- WHAT YOU ARE ASKED TO DO
Beginning with the line below that contains "To.You Ceramic Mug" and ending with the line that contains "4.加入半個蛋清,拌均勻腌制一下;(重點喲,腌制牛肉時放入蛋清讓牛肉更滑嫩)", retype every line exactly. Pictures are not copied.

=== DATA FOR PROCESSING ===

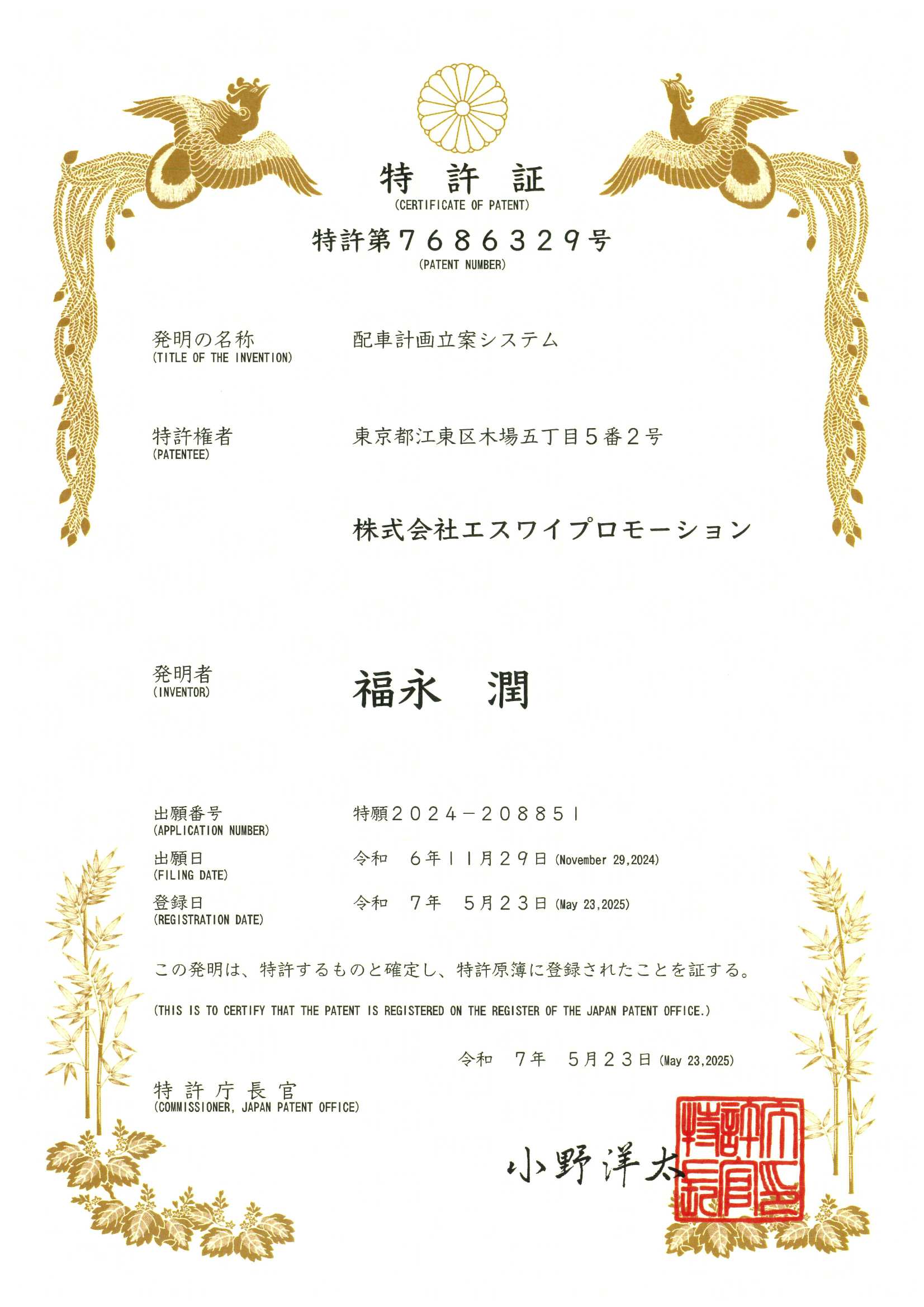 バルク輸送の配車計画立案システムで特許を取得いたしました。 当社はバルク輸送における熟練配車ノウハウを特許化しました。属人業務を標準化し、生産性向上と業務効率化を推進してまいります。 |
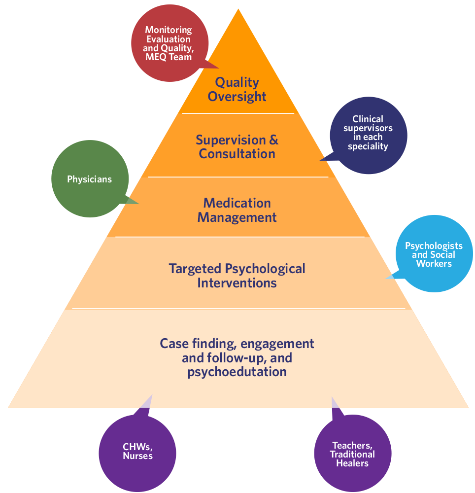 The skills package mapping template organizes the different tasks and depicts who in a community-based mental healthcare system is responsible for providing those services based on the “pyramid of care” listed above. It can be adapted to country-specific systems.
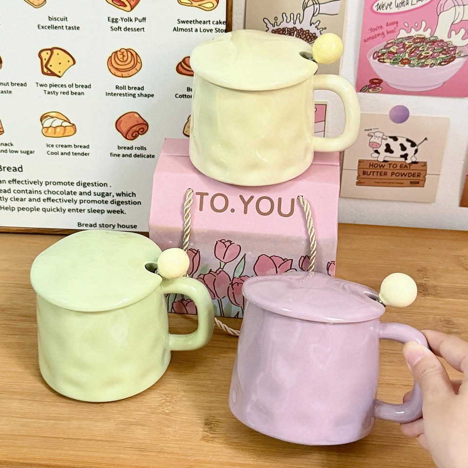 To.You Ceramic Mug 301-400ml With Lid Heat Resistant Gift For Women Home Use
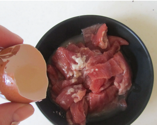 4.加入半個蛋清,拌均勻腌制一下;(重點喲,腌制牛肉時放入蛋清讓牛肉更滑嫩)
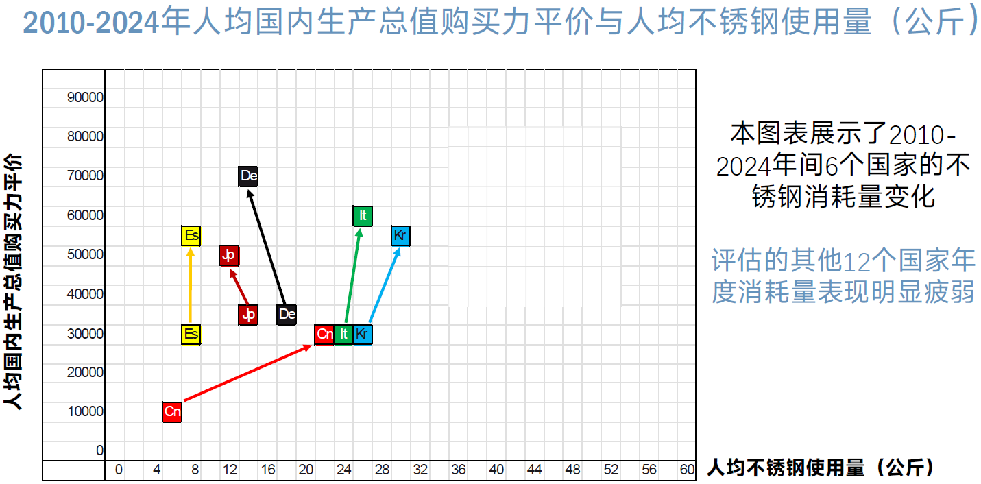10月21日,在由上海有色网信息科技股份有限公司(SMM)主办的2025第十届亚太镍铬锰不锈钢及新能源大会上,世界不锈钢协会秘书长Tim Collins在会议现场分享了“全球不锈钢市场展望”。 背景:过去10年全球不锈钢熔炼车间产量 复合年均需求量增长率 部分关键材料 所列数据均呈现出持续增长的需求。 不锈钢是金属及合金组别中性能最佳的材料。 塑料消费继续保持非常强劲的增长轨迹。 不锈钢产量;品位组分布 奥氏体,特别是300系列品位仍主导总产量。 当前环境 当前不锈钢需求环境充满挑战....但我们已习惯中期内的周期性需求量变化。 地缘政治动荡、经济放缓、行业相关需求疲软、市场保护措施竞争材料生产商采取的强势立场… 但仍然存在一些令人鼓舞的机会。 我们了解自己的竞争对手吗? ►虽然不锈钢始终存在新的增长市场 受大趋势、新技术和大型发展的推动,例如小型模块化反应堆 ►其中部分市场机遇可能发展缓慢 不锈钢具备在现有市场中替代其他材料的潜力 ►例如:塑料显然并非竞争材料类别 但它们可能在出人意料的应用领域被替代 ►不锈钢是食品饮料行业的典范材料 微塑料在加热/轻微摩擦时会渗入食品饮料 ►微塑料含超过4,000种毒素……与痴呆症、心血管疾病等相关。(数据来源;人类体内微纳塑料毒性研究,法泽·贾赫迪等人,阿瓦士贾恩迪沙普尔医科大学,2025年) 食品饮料行业包括家庭制备/储存、专业厨房和商业生产。 其对不锈钢的机遇、厨具与炊具对比等内容进行了介绍。 建筑与基建 全球市场庞大,每年钢铁产品产量稳定在约9亿吨,不锈钢仅占总消费量的不足1%。 尽管部分示范项目已采用不锈钢…… ……许多结构仍会快速劣化并需要持续检修。 成本高昂且碳排放量大。 在结构中选择性使用不锈钢具有变革性意义。 初始成本持平并可延长共材使用寿命。 其对年度不锈钢消费量——国家视角进行了阐述。 年度不锈钢消耗量 世界不锈钢协会目前统计了18个国家的不锈钢消耗量(占世界人口的60%),这些国家的人均消耗量(公斤)差异较大,存在一些显著差异。18个国家中有7个国家年消耗量表现突出,18个国家中有12个在人均消耗量方面落后,包括一些令人意外的国家,例如法国、英国和美国。 其对18个国家2024年人均GDP(购买力平价)与人均不锈钢使用量进行了介绍,并表示:实现目标人均不锈钢使用量将创造另外600万吨的新需求。 需要做什么? 了解几个关键国家的材料使用情况,不锈钢的优势尚未被理解,确定关键使用领域中目前较弱的材料选择,研究这些选择并推动变革,较弱材料的营销具有高度创造性。例如:人类健康与安全、结构寿命、避免检修。 结论 不锈钢是一类常被误解的耐腐蚀合金,它们是某些应用领域的首选材料:家用电器、餐具、商用餐饮设备、医疗保健,但其他行业认为其价格昂贵且加工困难,短期主义与低前期成本因素仍主导材料选择,检修被视为企业的盈利活动,我们必须改变这些观点与误解。 不锈钢宣传、不锈钢的用途与使用方法、不可否认的健康益处、人类安全益处、可持续特性与可回收性等以上问题均需加以解决以提升消耗量。 》点击查看2025 第十届亚太镍铬锰不锈钢及新能源大会专题报道 |
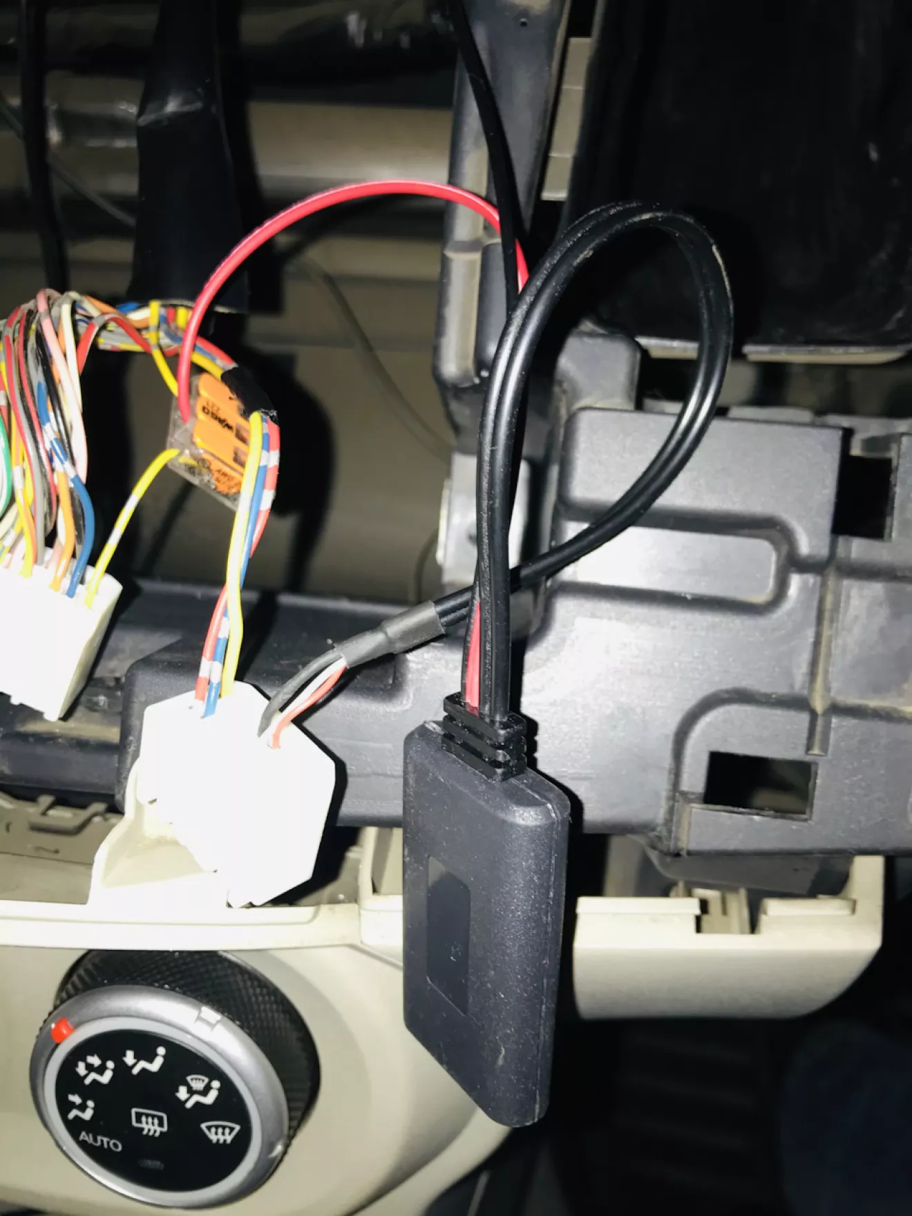 Попользовавшись ауксом пару недель стали напрягать провода. Купил с али блутус кажись с разъёмом на шкоду — достал пины и вставил в магнитолу предварительно выкинув аукс все подошло. Минус взял с массы, а плюс с асс ( то-есть блутус включается с магнитолой при повороте ключа). Работает четко, шум малый есть только если навалить громкость на +80% без проигрывания, при проигрывании пропадает. Подключается с телефоном- планшетом моментально. Если кто надумает берите с микрофоном! Той же алисой в навигаторе можно будет управлять не отвлекаясь.

===

- REPLY
 To.You Ceramic Mug 301-400ml With Lid Heat Resistant Gift For Women Home Use
 4.加入半個蛋清,拌均勻腌制一下;(重點喲,腌制牛肉時放入蛋清讓牛肉更滑嫩)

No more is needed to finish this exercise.